SOURCE MATERIAL:
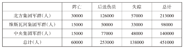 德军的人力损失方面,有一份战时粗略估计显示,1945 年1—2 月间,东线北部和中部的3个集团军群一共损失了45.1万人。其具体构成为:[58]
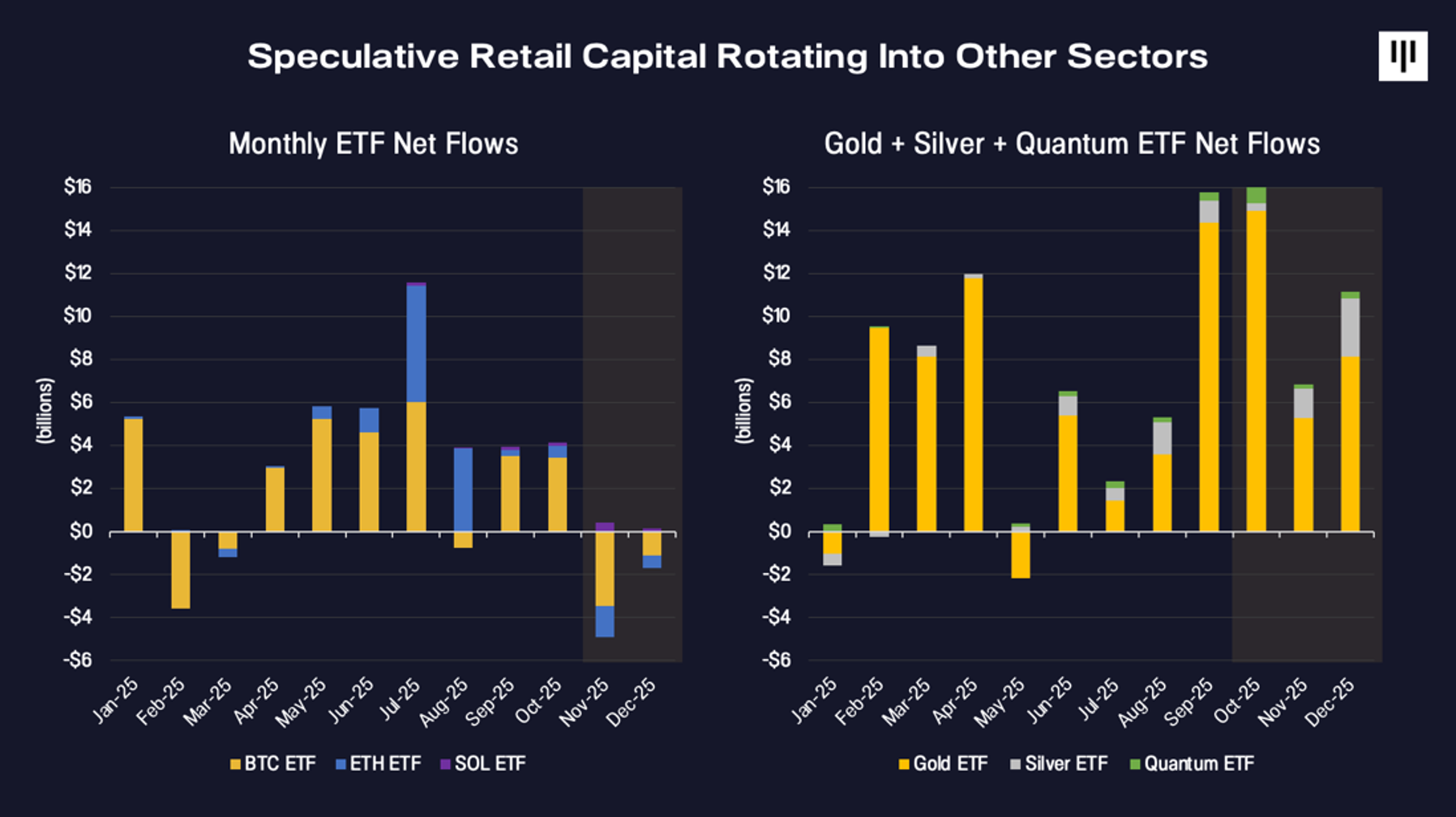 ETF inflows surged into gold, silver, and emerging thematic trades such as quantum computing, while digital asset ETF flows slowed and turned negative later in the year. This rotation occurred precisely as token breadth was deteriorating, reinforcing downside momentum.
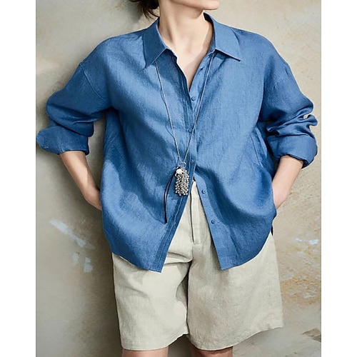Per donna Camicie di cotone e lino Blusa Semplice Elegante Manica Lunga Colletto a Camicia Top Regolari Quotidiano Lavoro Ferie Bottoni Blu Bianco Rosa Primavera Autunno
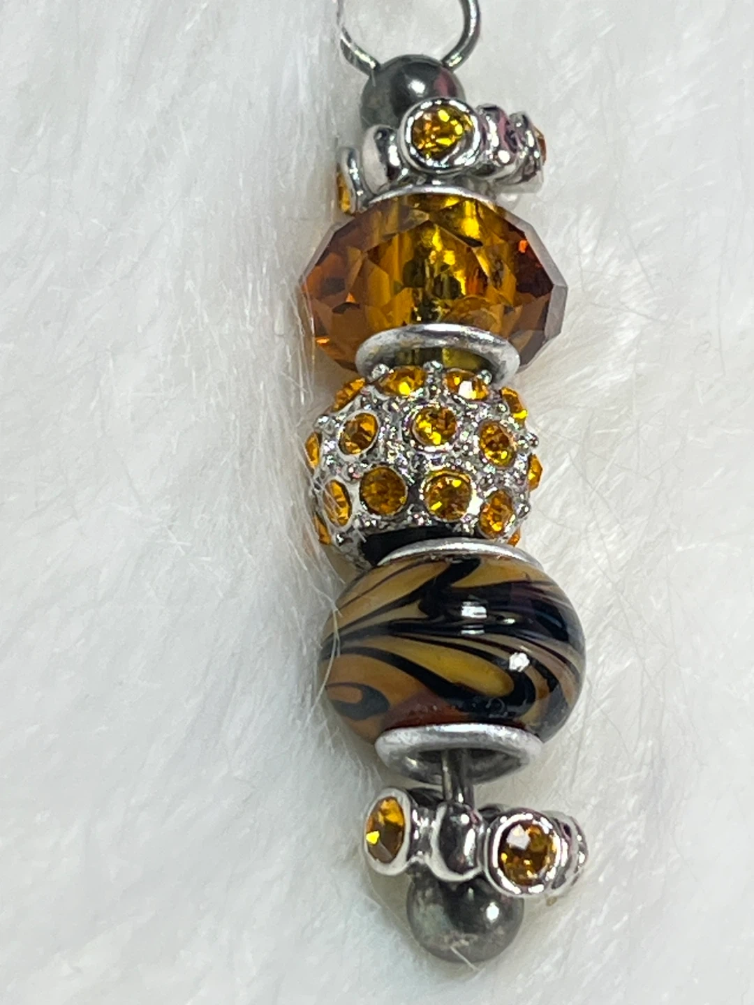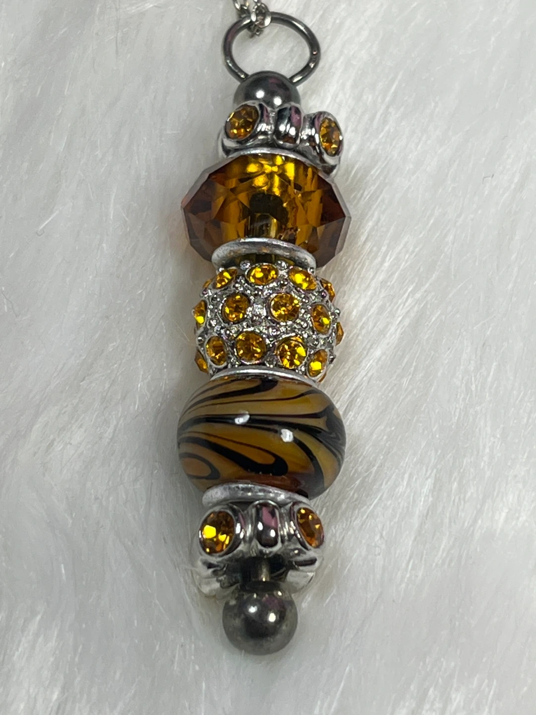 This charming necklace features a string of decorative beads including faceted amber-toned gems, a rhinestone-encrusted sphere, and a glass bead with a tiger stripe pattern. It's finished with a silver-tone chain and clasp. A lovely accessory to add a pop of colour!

INSTRUCTIONS FOR THE TASK:
Write out exactly and only the lines that run from the start of the data above through the line containing "Per donna Camicie", leaving the pictures out.

SOLUTION FOR THIS TASK:
 德军的人力损失方面,有一份战时粗略估计显示,1945 年1—2 月间,东线北部和中部的3个集团军群一共损失了45.1万人。其具体构成为:[58]
 ETF inflows surged into gold, silver, and emerging thematic trades such as quantum computing, while digital asset ETF flows slowed and turned negative later in the year. This rotation occurred precisely as token breadth was deteriorating, reinforcing downside momentum.
Per donna Camicie di cotone e lino Blusa Semplice Elegante Manica Lunga Colletto a Camicia Top Regolari Quotidiano Lavoro Ferie Bottoni Blu Bianco Rosa Primavera Autunno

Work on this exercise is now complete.